**Description of the task:**
Among the records below, find the line with "員林美食,食觀海鮮桶套餐,呼" and the line with "美式複古亨利衫T卹男春秋大碼150.0kg硬漢寬鬆開領長袖打底衫上衣潮". Set down both and every line between, exactly and with no pictures, but nothing else.
= = = = =
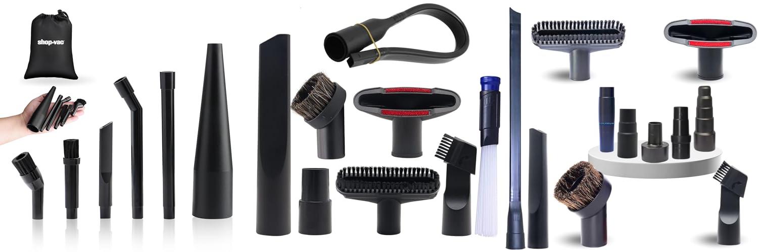 3. Replacement Vacuum Attachments & Brushes plus Universal Adapter Kit Compatible with Shop Vacs 2-1/4” 1-7/8” 1-3/8” 1-1/4 Inch- Flexible Vacuum Crevice Attachment Tool for Shop Vac Accessories
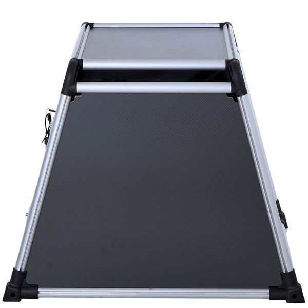 Die Gitter bestehen aus robusten Aluminiumprofilen, die sowohl stark als auch langlebig sind. Die Seiten haben eine hohe Dichte - das bedeutet, dass die Dichte der Holzfaserplatten hoch ist. Dies führt zu stärkeren Seiten, obwohl sie nicht dicker sind. Die Bodenplatte besteht aus Aluminiumverbund, um eine höhere Bruchfestigkeit im Vergleich zu Holz zu erreichen und sicherzustellen, dass sie stark genug ist, um das Gewicht des Hundes zu tragen.
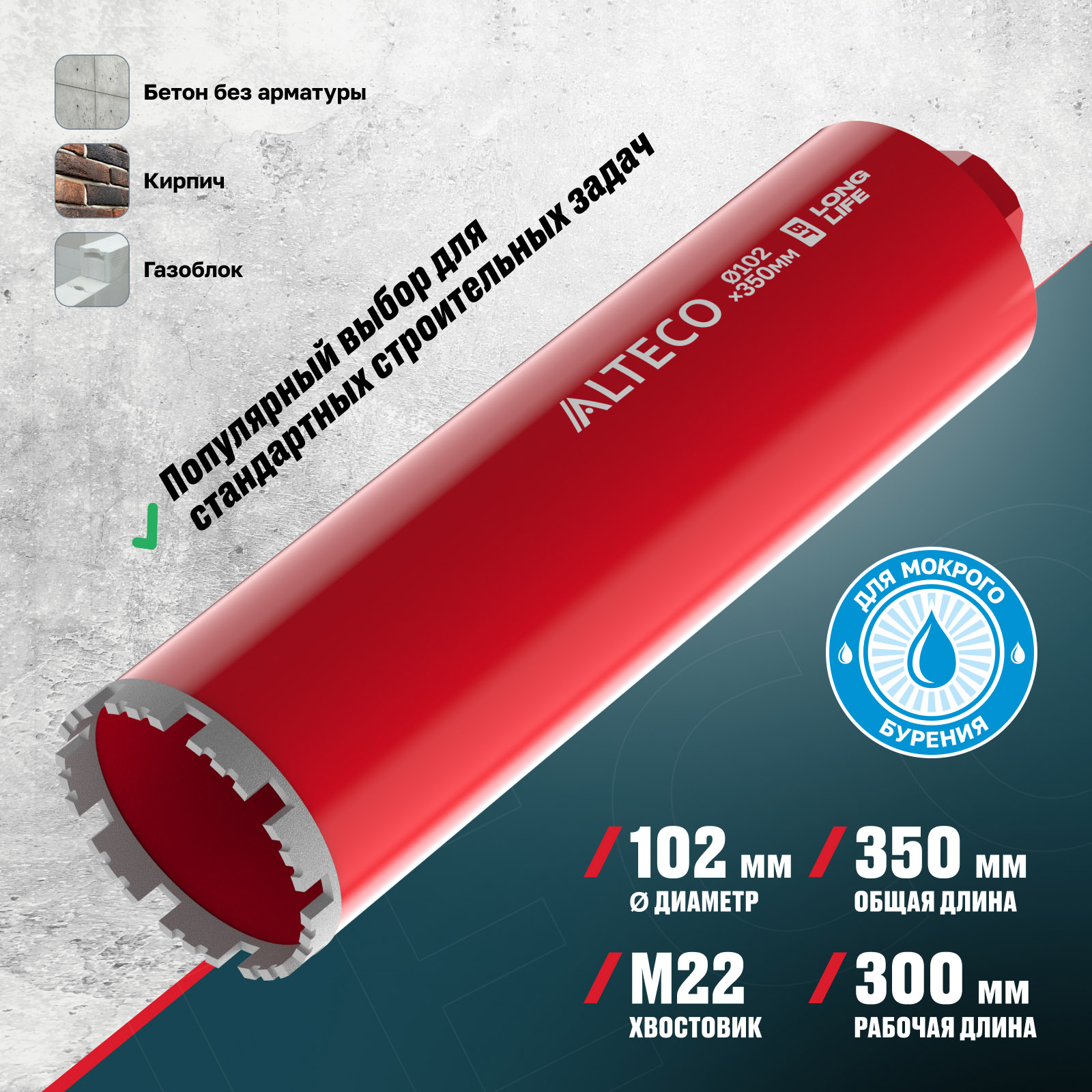 ⚠️ Важно: Данная коронка не предназначена для сухого бурения. Используйте охлаждение водой для продления срока службы инструмента и коронки. Не предназначена для работы с инструментом с микроударом.
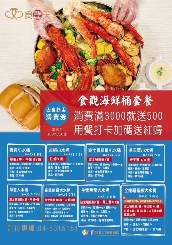 員林美食,食觀海鮮桶套餐,呼叫海鮮控來聚餐囉!彰化員林知名的婚宴會館「食觀天下」,除以婚宴桌菜聞名,最近主打風靡泰國一直很夯的豪邁手抓海鮮桶,不用拿刀叉筷子,隨心所欲用手抓來吃,過程超有趣!超大隻龍蝦海鮮盤必吃!整體價位不高且餐點品質和服務都很棒,最近小潔發現這家「食觀天下」,讓你免飛出國到東南亞,就能宛如置身異國大嗑美食,非常推薦大家來到員林旅遊時列入必吃美食清單之一喔!GO!
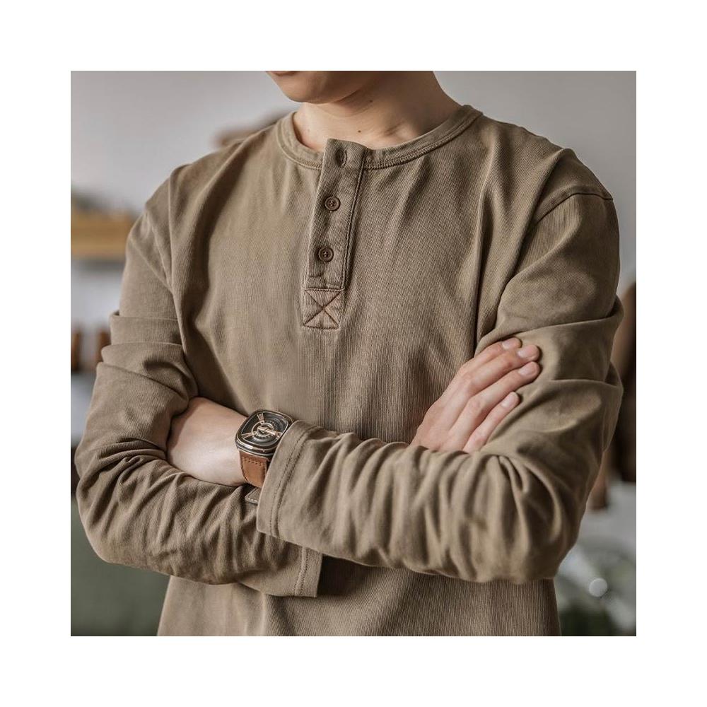美式複古亨利衫T卹男春秋大碼150.0kg硬漢寬鬆開領長袖打底衫上衣潮
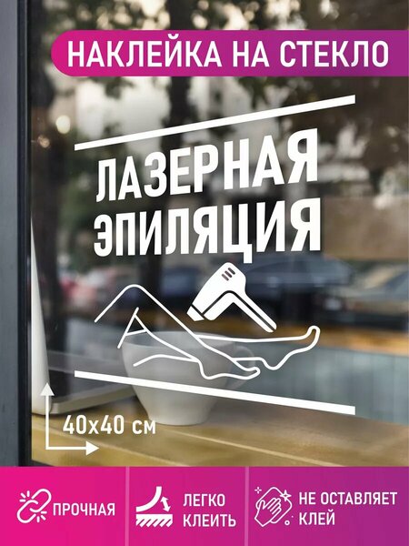 У нас вы можете купить пленку наклейка на окно "лазерная эпиляция". Размер 40 х 40 см. Пленка предназначена как для наружного, так и внутреннего применения! Видеоинструкция легко поможет вам наклеить! Можно наклеить при в ходе в кабинет косметолога или салон красоты, наклеить на улице. Высокое качество немецкой пленки ПВХ позволяет клеить стикер на любую поверхность. Наклейке можно придумать и другое применение. Держится в течение длительного срока. Просто наклеить, легко снять. Стикер держится долго и не боится влаги, пыли и грязи. Подойдет для вашего бизнеса, салона, кабинета
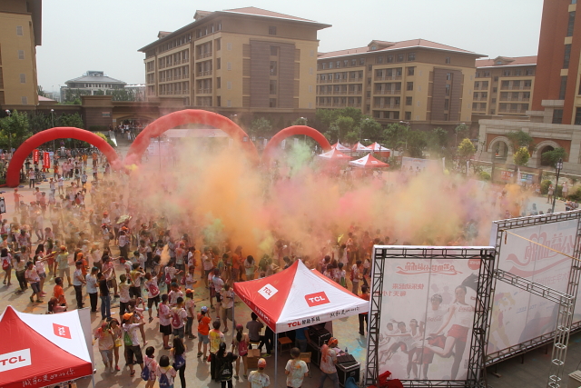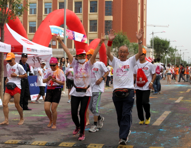 “彩虹跑”(The Color Run),是一项2011年发源于美国的运动,被称为“地球上最快乐的5公里赛跑”,参加者身着白色T恤,跑步过程中经过不同的彩色站,会被从头到脚抛撒彩色粉末,到了终点的时候,选手们就成为了色彩斑斓的彩虹人,这个创意的来源于印度的“洒红节”, 这些彩色粉末一般是由纯天然玉米粉制成。
= = = = =
**Reply:**
 員林美食,食觀海鮮桶套餐,呼叫海鮮控來聚餐囉!彰化員林知名的婚宴會館「食觀天下」,除以婚宴桌菜聞名,最近主打風靡泰國一直很夯的豪邁手抓海鮮桶,不用拿刀叉筷子,隨心所欲用手抓來吃,過程超有趣!超大隻龍蝦海鮮盤必吃!整體價位不高且餐點品質和服務都很棒,最近小潔發現這家「食觀天下」,讓你免飛出國到東南亞,就能宛如置身異國大嗑美食,非常推薦大家來到員林旅遊時列入必吃美食清單之一喔!GO!
美式複古亨利衫T卹男春秋大碼150.0kg硬漢寬鬆開領長袖打底衫上衣潮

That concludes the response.